Available data
== == ==

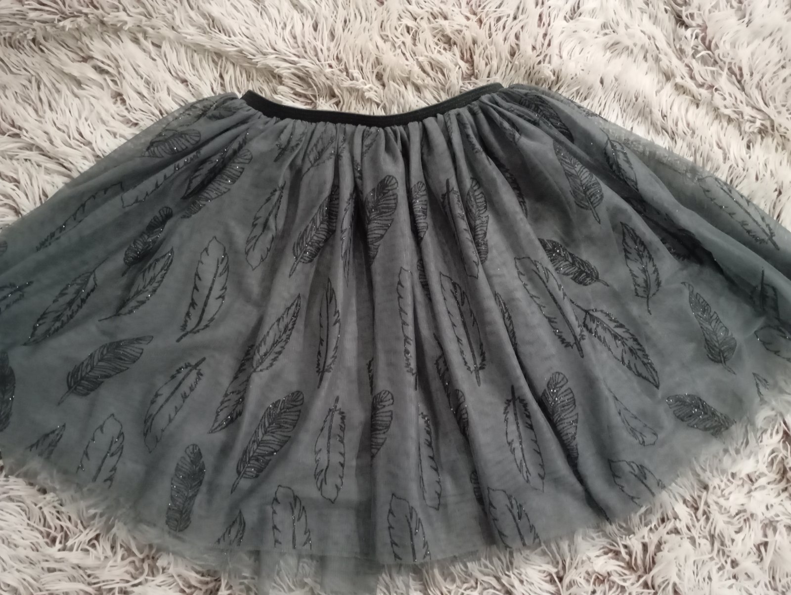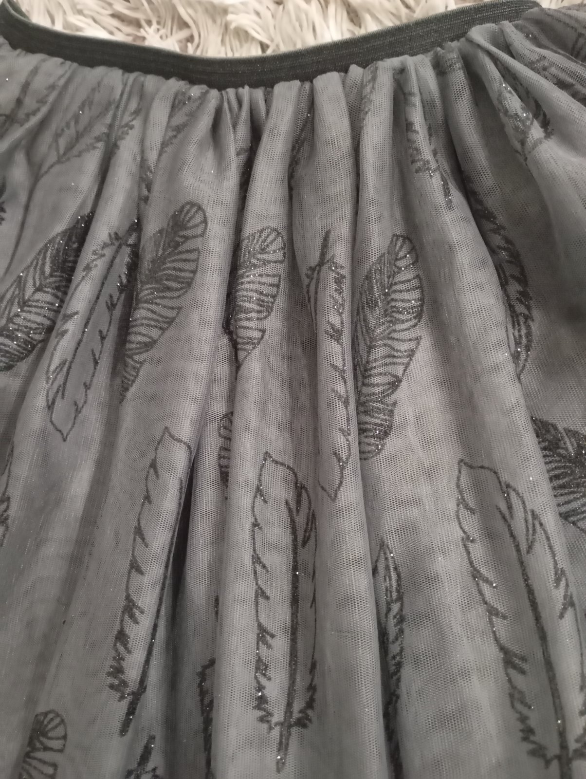 Krásna tmavošedá sukňa s trblietavými lístkami, v páse má gumičku. Krásne sa točí. Minimálne nosená, žiadne poškodenia.
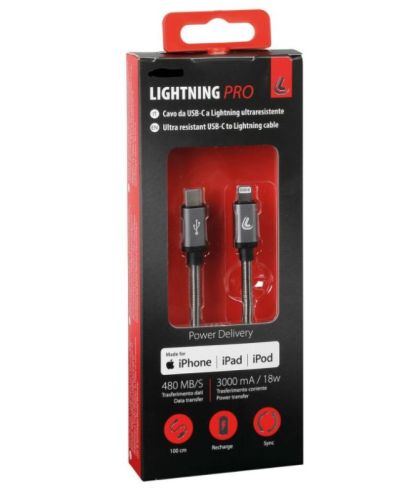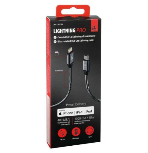 "Kabel Usb Type-C > Lightning Iphone - 100 cm Opladen en data. Ondersteunt Power Delivery-technologie. Nylon gevlochten, ultraresistente, versterkte nek en aluminium structuur"
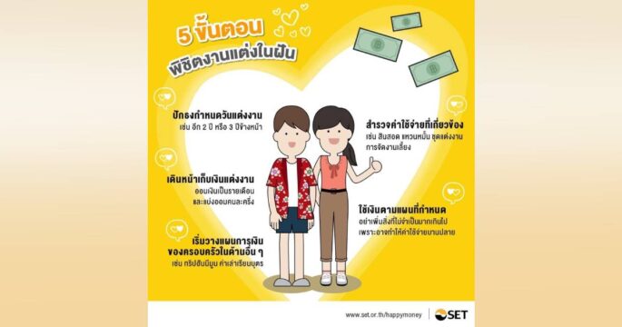 15 ก.พ. – เทศกาลวันแห่งความรัก เพิ่งผ่านไป หลายคู่มีโมเมนต์สวมแหวนคุกเข่าขอแต่งงาน การเตรียมตัวเพื่อจะแต่งงานนั้นมีหลายสิ่งหลายอย่างที่ต้องวางแผน เพื่อให้งานมีความสุขสมบูรณ์แบบและเก็บไว้เป็นความทรงจำดี ๆ มาเริ่มต้นวางแผนกันตั้งแต่วันนี้ กับ “5 ขั้นตอน พิชิตงานแต่งงานในฝัน” อ่านเนื้อหา “5 ขั้นตอน พิชิตงานแต่งในฝัน” เพิ่มเติมได้ที่ >>คลิก https://www.set.or.th/th/education-research/education/happymoney/wedding ที่มา: ตลาดหลักทรัพย์แห่งประเทศไทย
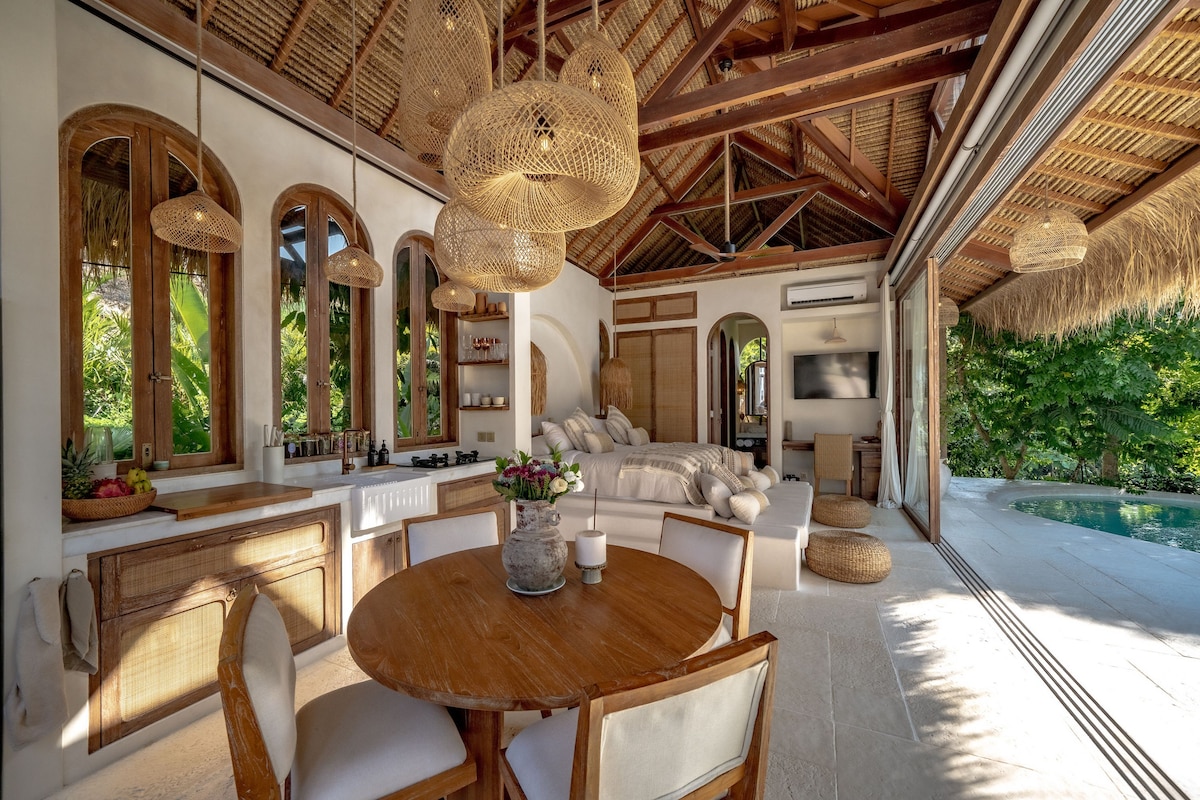 ¡Da la bienvenida a nuestra lujosa aerolínea privada de un dormitorio en Pecatu! Nos aseguramos de que tu estancia sea muy especial con: Opciones de entretenimiento como una estación de juegos y juegos de mesa. Una sala de estar totalmente climatizada con un televisor inteligente de 75 pulgadas. Tu propia piscina privada con vistas al mar. Relajante sauna compartida e instalaciones de hidromasaje. ¡Disfruta de la simplicidad y el lujo combinados para disfrutar de una estancia inolvidable en Pecatu! Nota amistosa: La villa está sujeta a un poco de ruido debido a la construcción en curso a metros de distancia.

== == ==

Problem description
All that is needed is the data above, repeated exactly, without the pictures.

Result for this exercise
 Krásna tmavošedá sukňa s trblietavými lístkami, v páse má gumičku. Krásne sa točí. Minimálne nosená, žiadne poškodenia.
 "Kabel Usb Type-C > Lightning Iphone - 100 cm Opladen en data. Ondersteunt Power Delivery-technologie. Nylon gevlochten, ultraresistente, versterkte nek en aluminium structuur"
 15 ก.พ. – เทศกาลวันแห่งความรัก เพิ่งผ่านไป หลายคู่มีโมเมนต์สวมแหวนคุกเข่าขอแต่งงาน การเตรียมตัวเพื่อจะแต่งงานนั้นมีหลายสิ่งหลายอย่างที่ต้องวางแผน เพื่อให้งานมีความสุขสมบูรณ์แบบและเก็บไว้เป็นความทรงจำดี ๆ มาเริ่มต้นวางแผนกันตั้งแต่วันนี้ กับ “5 ขั้นตอน พิชิตงานแต่งงานในฝัน” อ่านเนื้อหา “5 ขั้นตอน พิชิตงานแต่งในฝัน” เพิ่มเติมได้ที่ >>คลิก https://www.set.or.th/th/education-research/education/happymoney/wedding ที่มา: ตลาดหลักทรัพย์แห่งประเทศไทย
 ¡Da la bienvenida a nuestra lujosa aerolínea privada de un dormitorio en Pecatu! Nos aseguramos de que tu estancia sea muy especial con: Opciones de entretenimiento como una estación de juegos y juegos de mesa. Una sala de estar totalmente climatizada con un televisor inteligente de 75 pulgadas. Tu propia piscina privada con vistas al mar. Relajante sauna compartida e instalaciones de hidromasaje. ¡Disfruta de la simplicidad y el lujo combinados para disfrutar de una estancia inolvidable en Pecatu! Nota amistosa: La villa está sujeta a un poco de ruido debido a la construcción en curso a metros de distancia.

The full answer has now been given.